REQUIRED ACTION — This exercise calls for retyping every line below exactly, with the images omitted.

BEGIN DATA SEGMENT

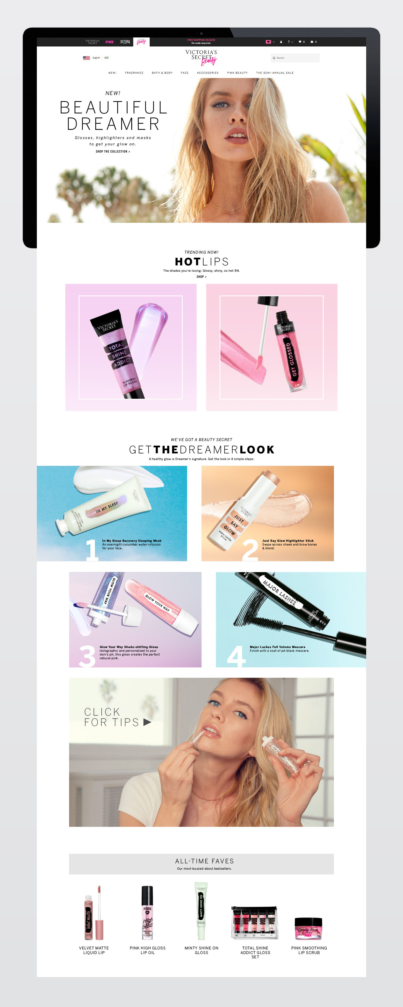 The Face landing page during this time period focused on beauty products and tutorials that would help customers get the look used on the two Tease Dreamer models featured throughout the Beauty Tab.
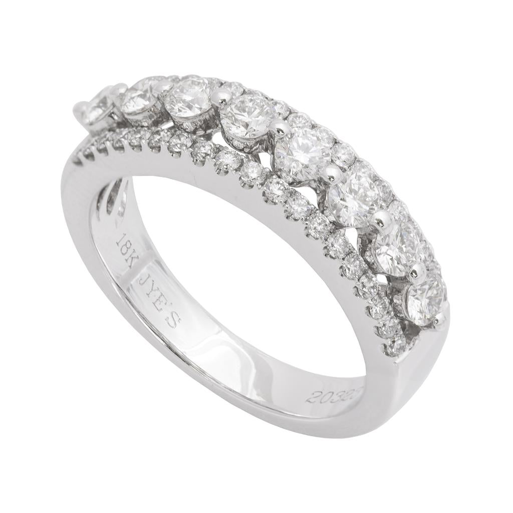 The 18KWG/PD Diamond Band features 46 meticulously set round brilliant cut diamonds totaling 1.09CTW, offering unmatched sparkle and elegance. Crafted in luxurious 18K white gold and palladium, this band is perfect for celebrating timeless love and sophisticated style. Available exclusively at Parker Jewelers, a family-owned jewelry store in Carlisle, PA.
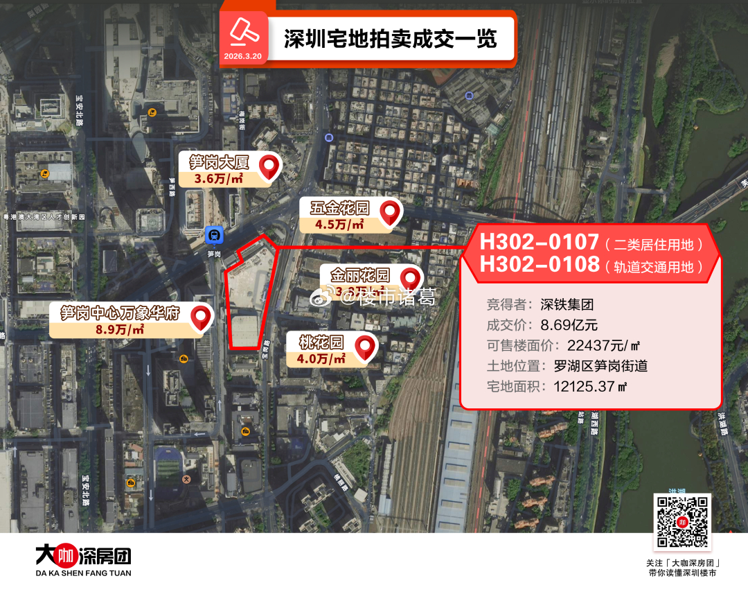 2026年深圳第一宗土拍,罗湖笋岗宅地,被深铁以底价8.69亿元拿下,综合楼面价22437元/㎡。

END DATA SEGMENT

ANSWER AREA —
 The Face landing page during this time period focused on beauty products and tutorials that would help customers get the look used on the two Tease Dreamer models featured throughout the Beauty Tab.
 The 18KWG/PD Diamond Band features 46 meticulously set round brilliant cut diamonds totaling 1.09CTW, offering unmatched sparkle and elegance. Crafted in luxurious 18K white gold and palladium, this band is perfect for celebrating timeless love and sophisticated style. Available exclusively at Parker Jewelers, a family-owned jewelry store in Carlisle, PA.
 2026年深圳第一宗土拍,罗湖笋岗宅地,被深铁以底价8.69亿元拿下,综合楼面价22437元/㎡。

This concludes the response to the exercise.